Below are records with pictures in them. Output exactly the lines from the one with "- Modern Functionality: Connect-It" through the one with "Dětský mikroskop Bresser", both included, and leave every picture out; give only those lines.
- - - - - - -
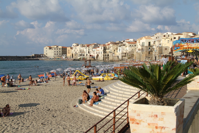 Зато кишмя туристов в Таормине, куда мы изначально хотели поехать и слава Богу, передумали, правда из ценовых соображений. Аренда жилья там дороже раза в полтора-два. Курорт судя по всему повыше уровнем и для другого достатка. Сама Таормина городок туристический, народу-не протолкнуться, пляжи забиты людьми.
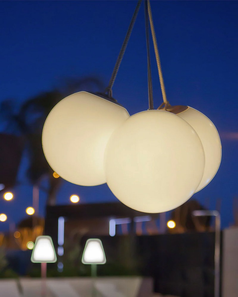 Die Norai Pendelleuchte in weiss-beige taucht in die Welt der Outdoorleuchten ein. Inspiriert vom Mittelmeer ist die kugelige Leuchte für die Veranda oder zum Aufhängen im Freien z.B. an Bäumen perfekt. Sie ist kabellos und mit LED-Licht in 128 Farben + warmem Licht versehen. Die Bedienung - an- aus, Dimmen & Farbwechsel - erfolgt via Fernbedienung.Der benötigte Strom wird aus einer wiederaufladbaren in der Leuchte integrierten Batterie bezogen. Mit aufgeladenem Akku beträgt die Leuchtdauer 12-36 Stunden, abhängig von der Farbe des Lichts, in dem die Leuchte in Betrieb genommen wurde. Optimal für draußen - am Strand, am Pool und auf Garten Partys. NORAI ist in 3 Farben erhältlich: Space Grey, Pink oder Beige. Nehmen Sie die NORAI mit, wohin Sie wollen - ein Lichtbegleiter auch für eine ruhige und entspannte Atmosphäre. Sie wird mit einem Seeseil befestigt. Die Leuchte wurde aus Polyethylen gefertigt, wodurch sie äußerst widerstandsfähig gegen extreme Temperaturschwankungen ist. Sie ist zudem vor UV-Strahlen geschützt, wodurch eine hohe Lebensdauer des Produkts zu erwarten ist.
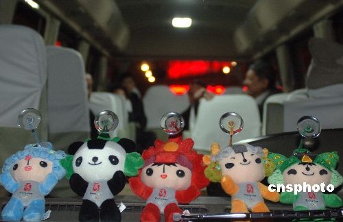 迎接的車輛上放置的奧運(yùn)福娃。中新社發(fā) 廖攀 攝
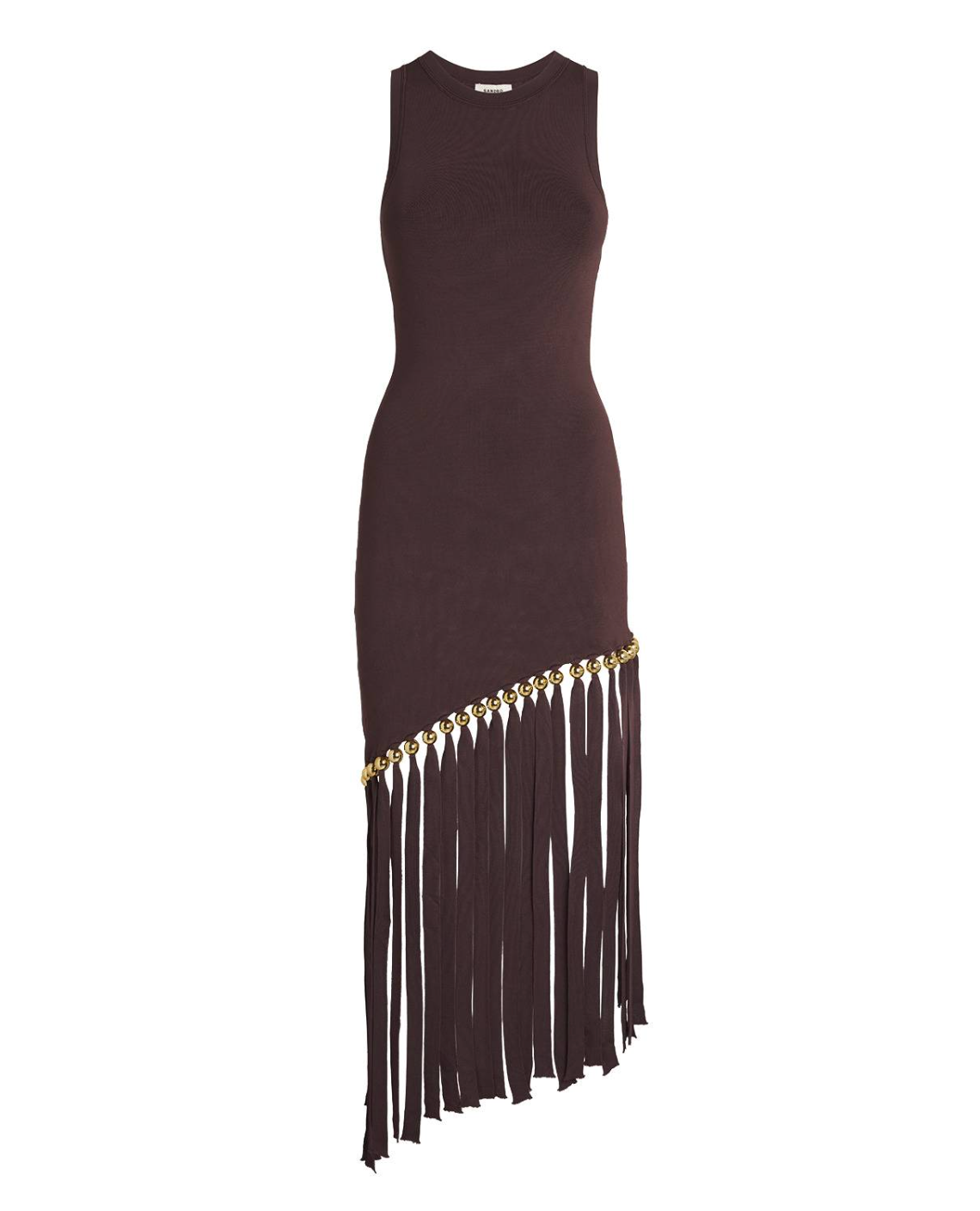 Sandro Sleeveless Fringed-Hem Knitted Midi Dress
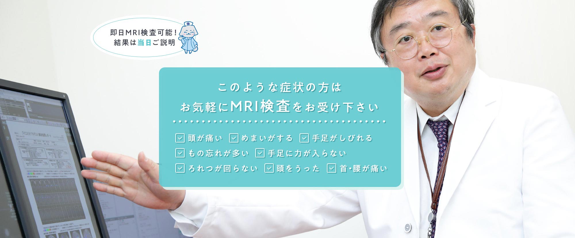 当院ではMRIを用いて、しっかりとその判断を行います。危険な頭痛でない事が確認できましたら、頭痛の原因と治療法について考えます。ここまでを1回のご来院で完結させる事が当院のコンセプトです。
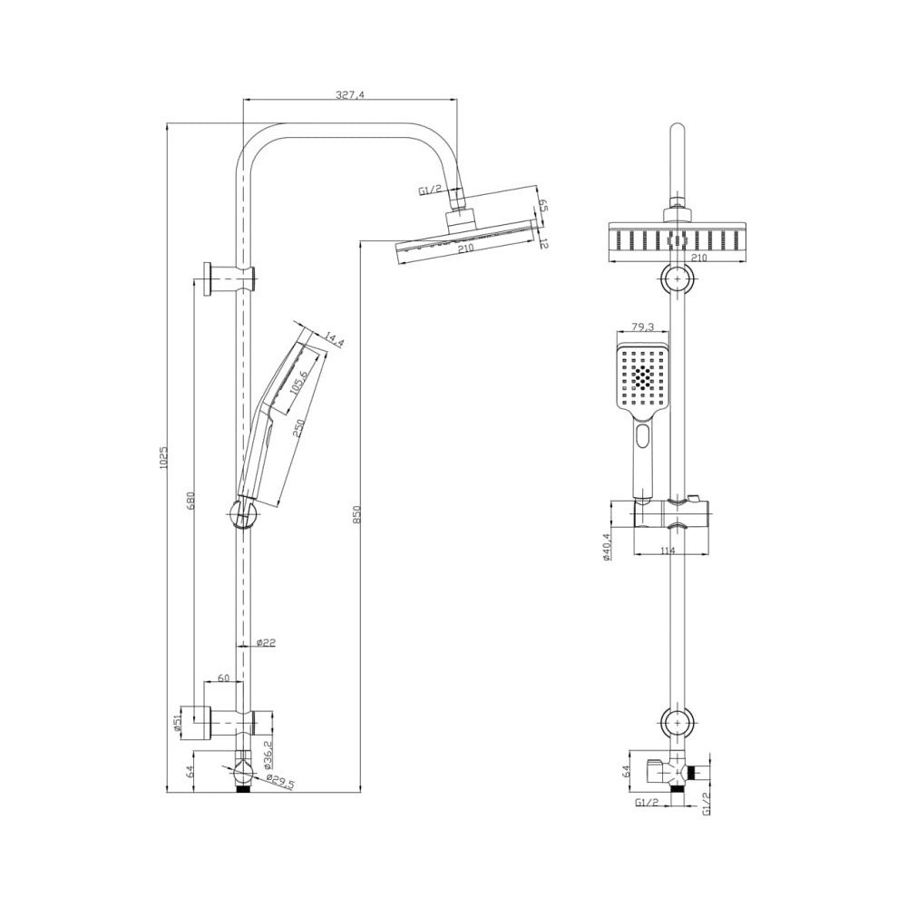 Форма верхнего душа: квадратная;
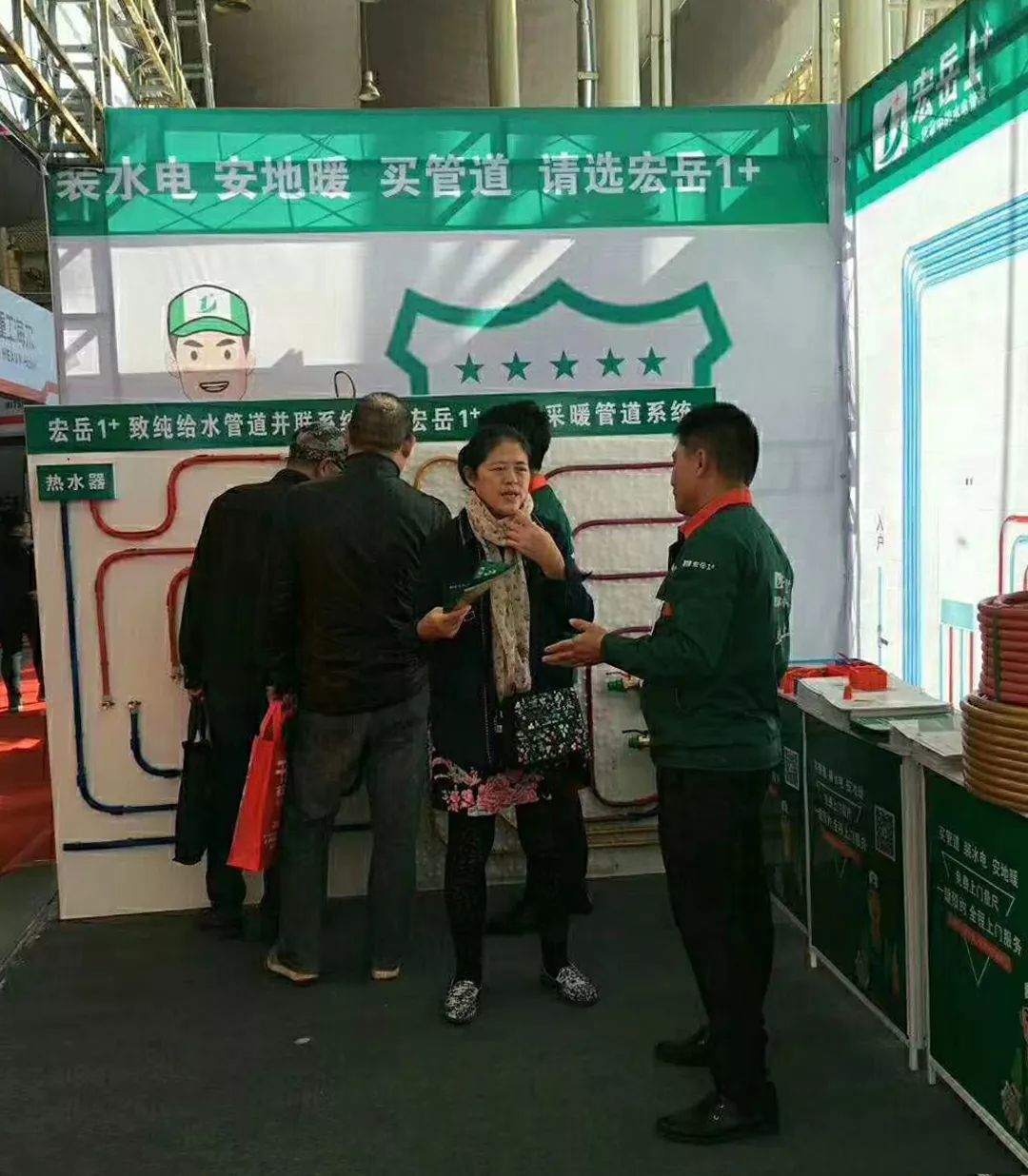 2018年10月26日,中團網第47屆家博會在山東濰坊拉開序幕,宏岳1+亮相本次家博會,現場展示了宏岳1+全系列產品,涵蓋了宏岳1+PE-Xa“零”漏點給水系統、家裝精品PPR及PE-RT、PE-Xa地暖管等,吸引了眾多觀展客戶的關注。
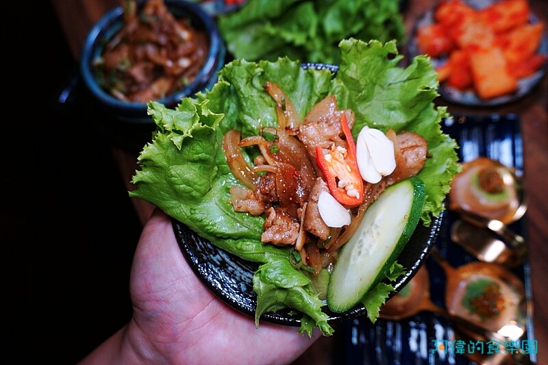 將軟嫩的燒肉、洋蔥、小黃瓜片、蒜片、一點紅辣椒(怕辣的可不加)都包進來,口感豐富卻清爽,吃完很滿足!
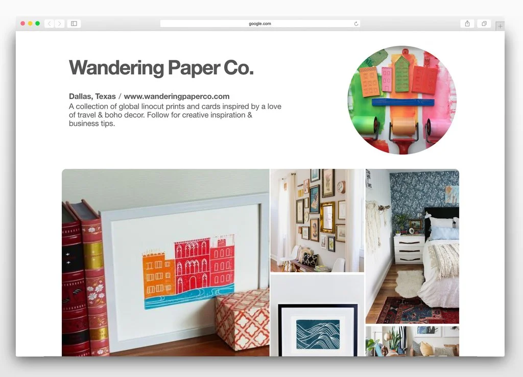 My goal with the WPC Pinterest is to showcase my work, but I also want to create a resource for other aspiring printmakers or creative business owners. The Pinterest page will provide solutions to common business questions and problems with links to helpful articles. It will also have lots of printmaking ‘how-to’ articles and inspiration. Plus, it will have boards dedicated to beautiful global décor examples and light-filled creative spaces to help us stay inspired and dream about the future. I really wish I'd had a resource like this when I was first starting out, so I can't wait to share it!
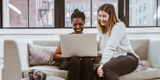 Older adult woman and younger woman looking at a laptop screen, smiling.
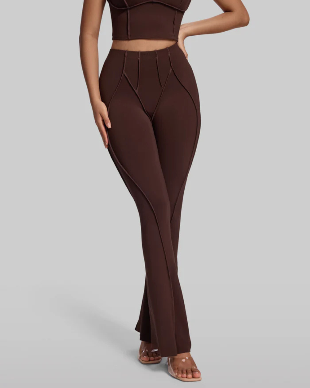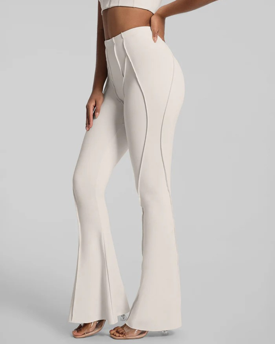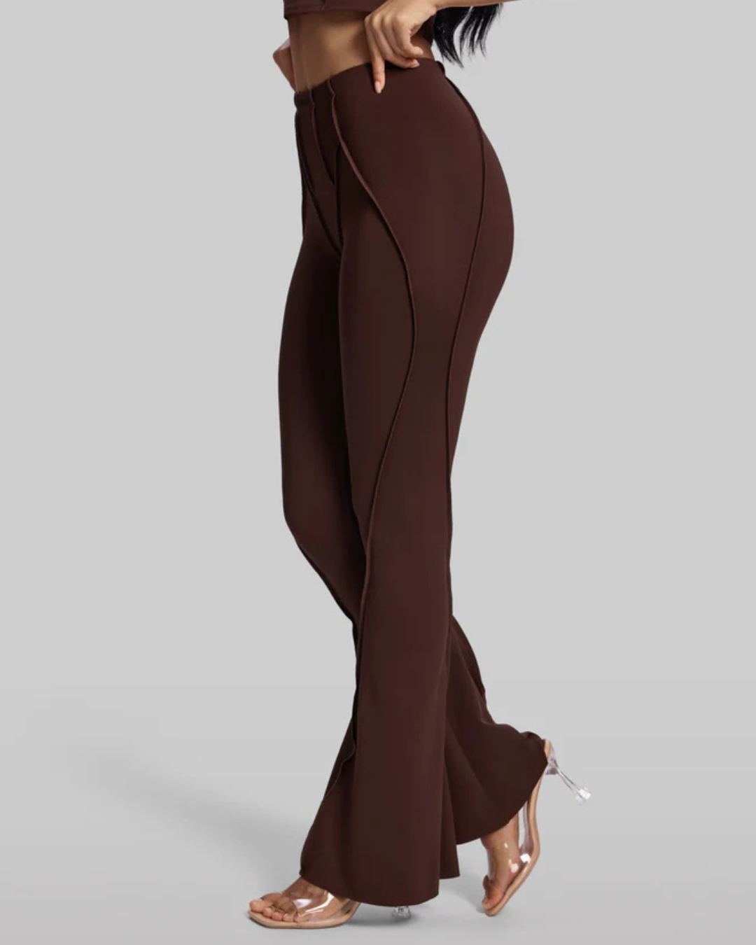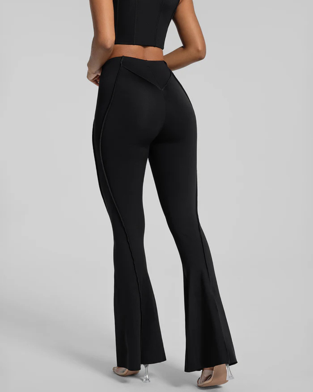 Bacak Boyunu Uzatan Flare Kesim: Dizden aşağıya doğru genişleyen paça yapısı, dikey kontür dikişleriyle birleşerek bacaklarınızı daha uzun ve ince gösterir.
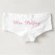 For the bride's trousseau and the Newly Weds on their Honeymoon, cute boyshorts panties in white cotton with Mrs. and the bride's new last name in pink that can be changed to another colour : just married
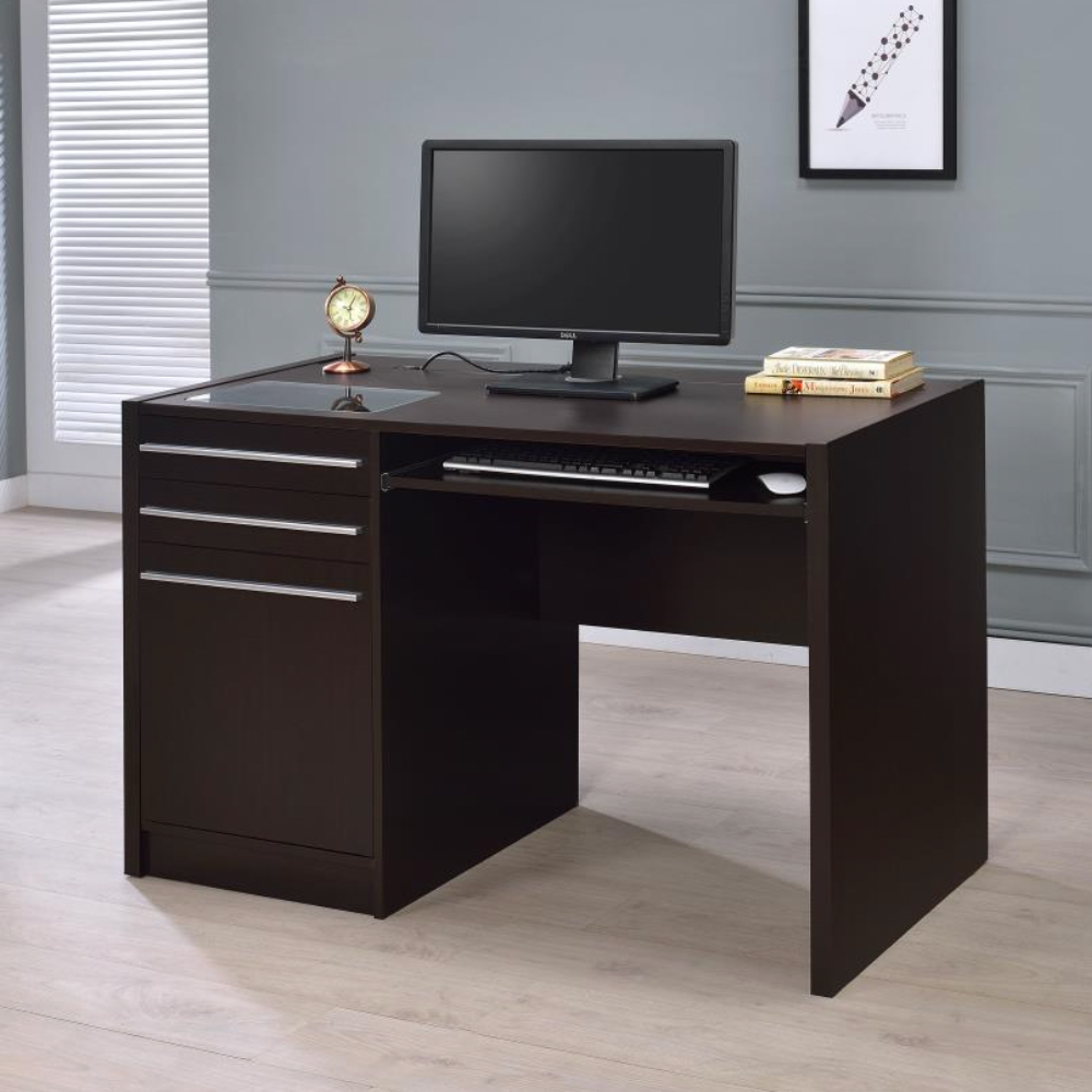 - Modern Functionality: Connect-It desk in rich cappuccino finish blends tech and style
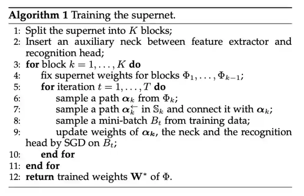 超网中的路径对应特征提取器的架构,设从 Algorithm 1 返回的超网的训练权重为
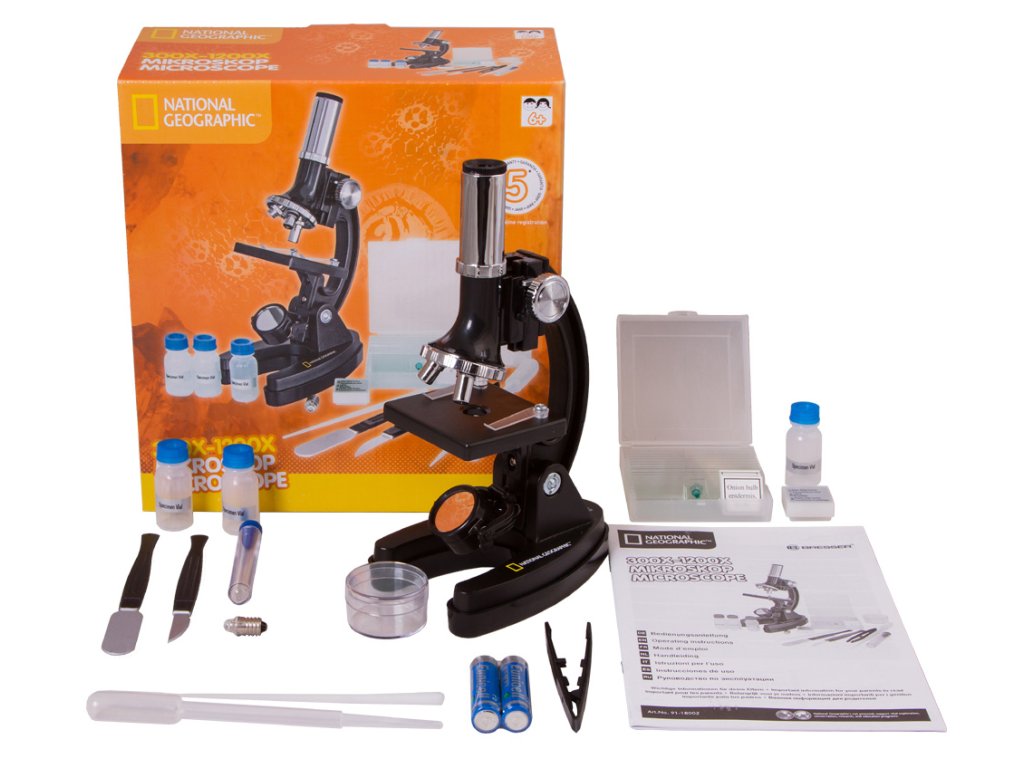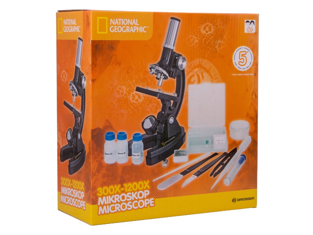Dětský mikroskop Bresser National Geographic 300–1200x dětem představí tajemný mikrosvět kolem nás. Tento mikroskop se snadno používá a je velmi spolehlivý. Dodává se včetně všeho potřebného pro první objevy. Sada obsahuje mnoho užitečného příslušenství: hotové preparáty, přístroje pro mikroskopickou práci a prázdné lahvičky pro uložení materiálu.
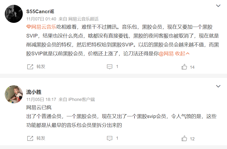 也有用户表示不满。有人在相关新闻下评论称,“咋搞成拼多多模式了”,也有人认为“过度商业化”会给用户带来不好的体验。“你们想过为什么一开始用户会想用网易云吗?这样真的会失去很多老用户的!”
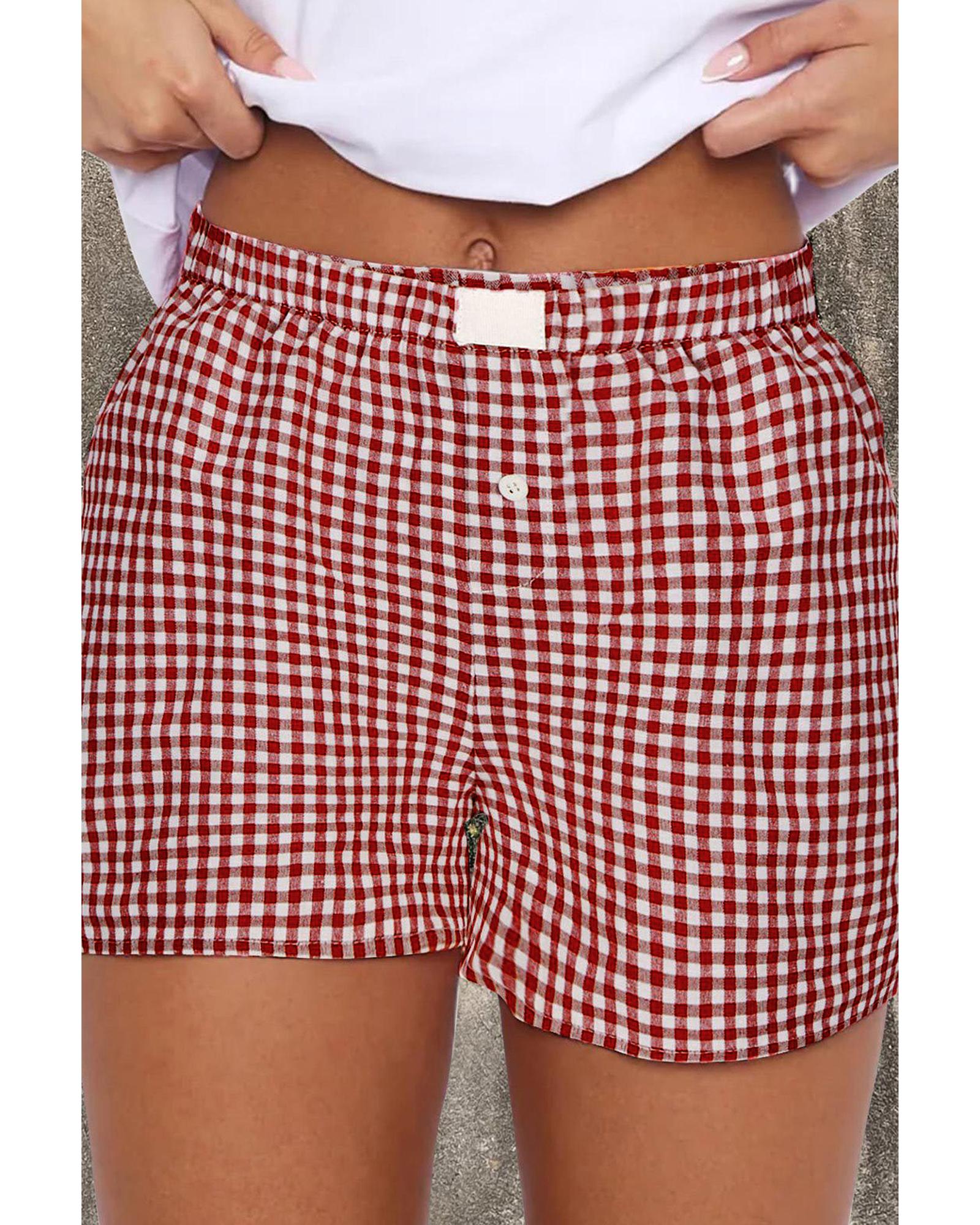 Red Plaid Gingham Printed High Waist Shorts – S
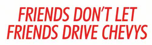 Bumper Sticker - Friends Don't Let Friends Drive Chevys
- - - - - - -
→ **ANSWER SECTION**
 - Modern Functionality: Connect-It desk in rich cappuccino finish blends tech and style
 超网中的路径对应特征提取器的架构,设从 Algorithm 1 返回的超网的训练权重为
Dětský mikroskop Bresser National Geographic 300–1200x dětem představí tajemný mikrosvět kolem nás. Tento mikroskop se snadno používá a je velmi spolehlivý. Dodává se včetně všeho potřebného pro první objevy. Sada obsahuje mnoho užitečného příslušenství: hotové preparáty, přístroje pro mikroskopickou práci a prázdné lahvičky pro uložení materiálu.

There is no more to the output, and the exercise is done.